Develop Reports: Process of creating documents or presentations which summarize and visualize the results from a data analysis project. This involves tasks such as selecting appropriate visuals based on the data, formatting the report in an efficient way and adding commentary to explain key points.
Data Insights: Information derived from analyzing large amounts of data which can help organizations make better decisions or gain a competitive edge in their industry. Examples include customer segmentation, predictive analytics and forecast models.
Microsoft certified: A certification from Microsoft which is earned by taking an exam and demonstrating knowledge in a specific area. Power BI Data Analyst Associate certification is one of the certifications offered by Microsoft.
Power BI Data Analyst Associate Certification: A certification offered by Microsoft that focuses on using Power BI to analyze data, develop reports, visualize information and gain insights. It includes topics such as connecting to data sources, creating visuals with Power BI Desktop and transforming datasets.
Data Analytics: An area of study which involves collecting and analyzing data to gain insights. It includes activities such as data cleansing, connecting to various databases, creating visuals from the dataset and more.
DAX: Acronym for Data Analysis Expressions. A language used in Power BI to create calculations and measures with an easy-to-use syntax.

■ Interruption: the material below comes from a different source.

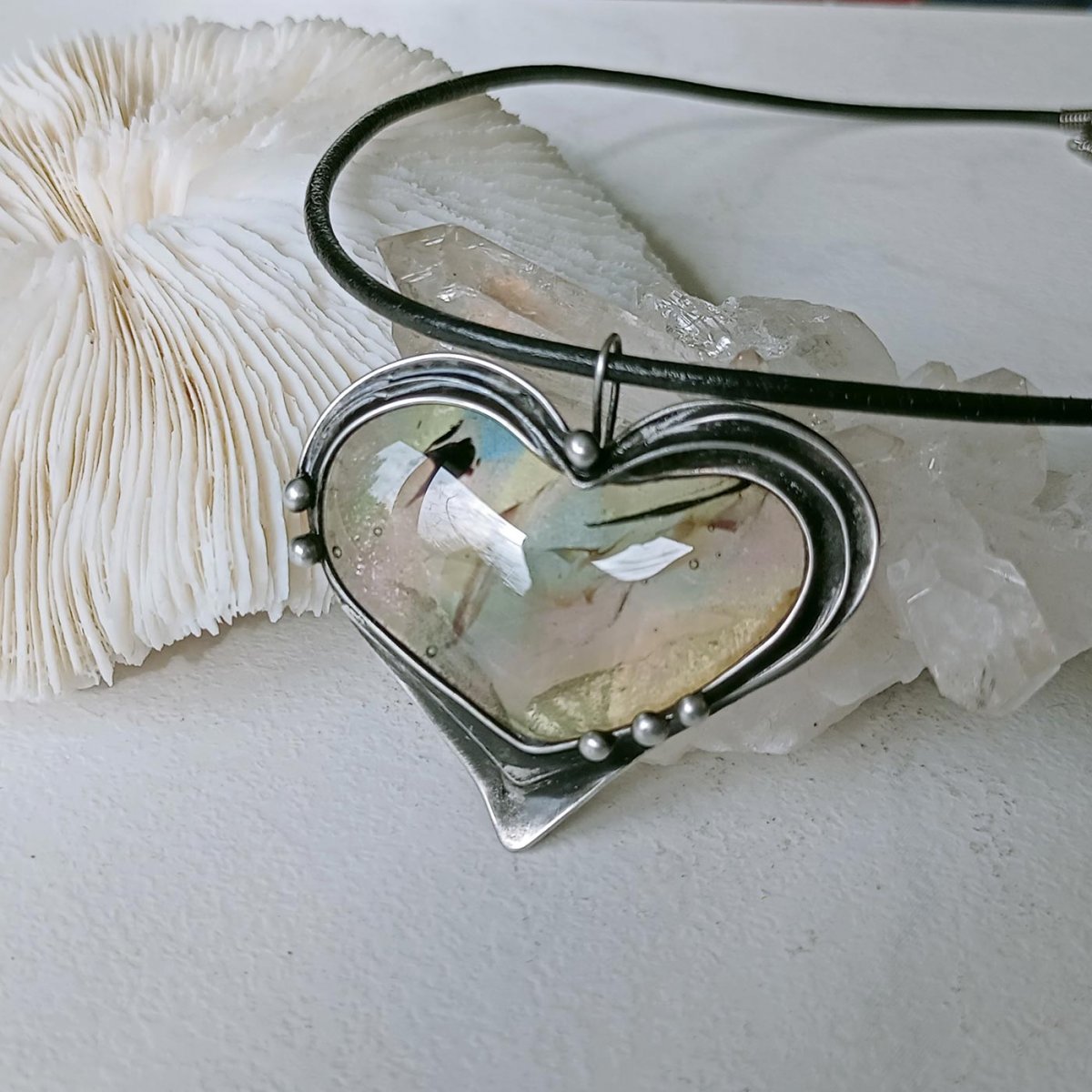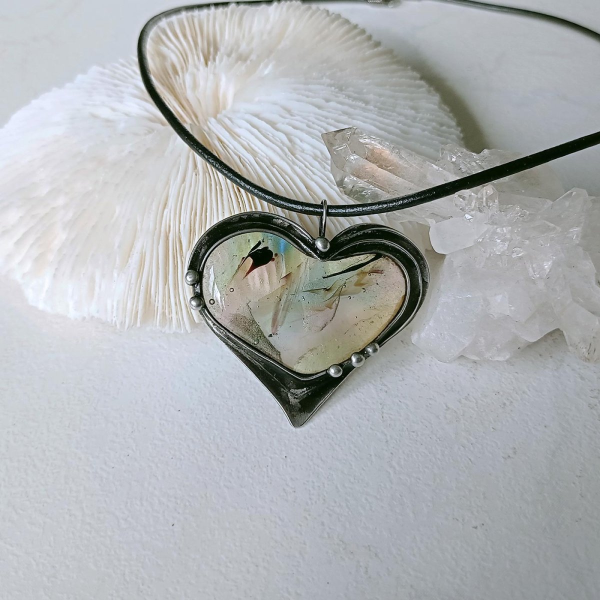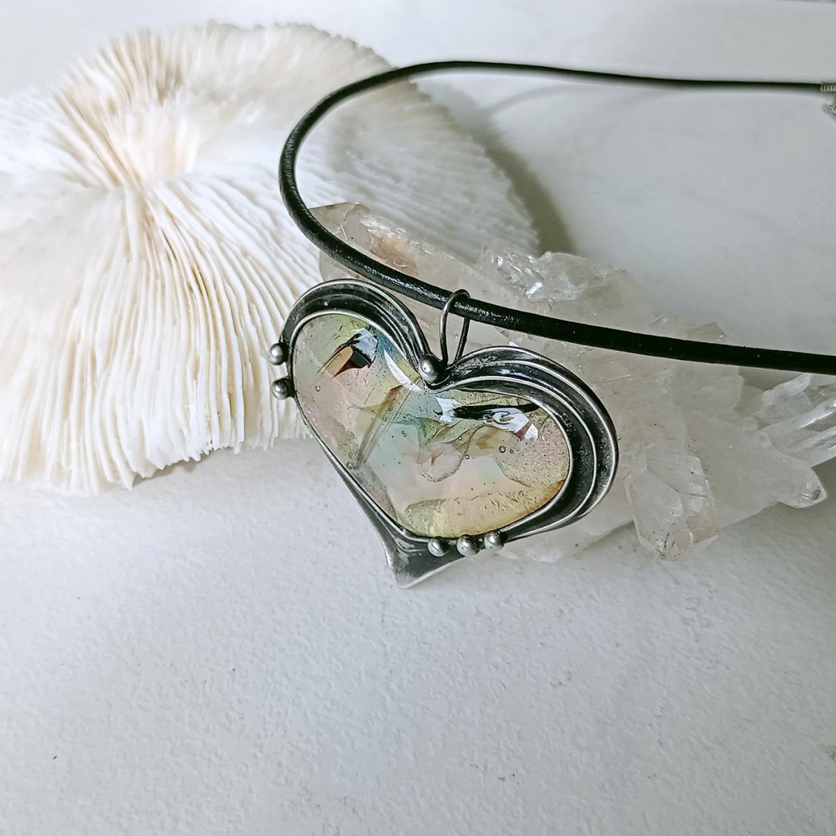 Autorský šperk vyroben tiffany technikou z bezolovnatého cínu se stříbrem, luxusního skla a drátu.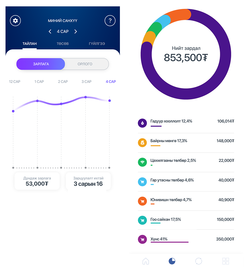 1.  “Миний санхүү” цэс рүү ороход таны сар бүрийн орлого, зарлага, юунд хичнээн төгрөгийг зарцуулсан зэрэг бүхий л санхүүгийн мэдээллийг ангилж харуулаад зогсохгүй өнгөрсөн сарынхаас зарцуулалт хэдэн хувиар өссөн, буурснаа мэдэж, хэрэггүй зарцуулалтаа танаж, мөнгөө хэрэгтэй зүйлдээ хадгалж, ирээдүйд хүссэн зүйлдээ зарцуулах боломжтой болно. Жишээ нь би өнгөрсөн сард гадуур хооллоход 149,000₮, таксинд 35,000₮, нийт 184,000₮ зарцуулжээ. Тиймээс энэ сард гэртээ хоолоо хийн ажилдаа авч явж, дулаарч байгаа учраас ажил гэрийн хооронд алхаж байхаар шийдлээ. Ингэснээр би зөвхөн энэ 2 төрлийн зардлыг танаснаар сар бүр 184,000₮ хэмнэж, хуримтлалдаа хийх боломжтой болсон. Амархан байгаа биз?

Data Analytics: Process of exploring datasets in order to gain insight into the information contained within them. This involves tasks such as connecting to multiple data sources, querying the dataset, transforming the format of the information and visualizing it for easier interpretation.
PL-300 Exam: Microsoft exam related to Power BI Data Analyst Associate Certification which tests a candidate’s knowledge on topics like connecting to data sources, creating visuals with Power BI and transforming datasets.
Microsoft Azure: A cloud computing platform from Microsoft which provides services such as analytics, computing, networking and more. It allows organizations to move their workloads to the cloud in order to reduce costs and increase efficiency.
BI Consultant: An individual who specializes in Business Intelligence related activities such as developing solutions for data analysis projects or creating reports based on the results of a data analysis project.
BI Tools: Software applications used to analyze data and generate insights from it. Examples include Power BI, Tableau and Qlik Sense.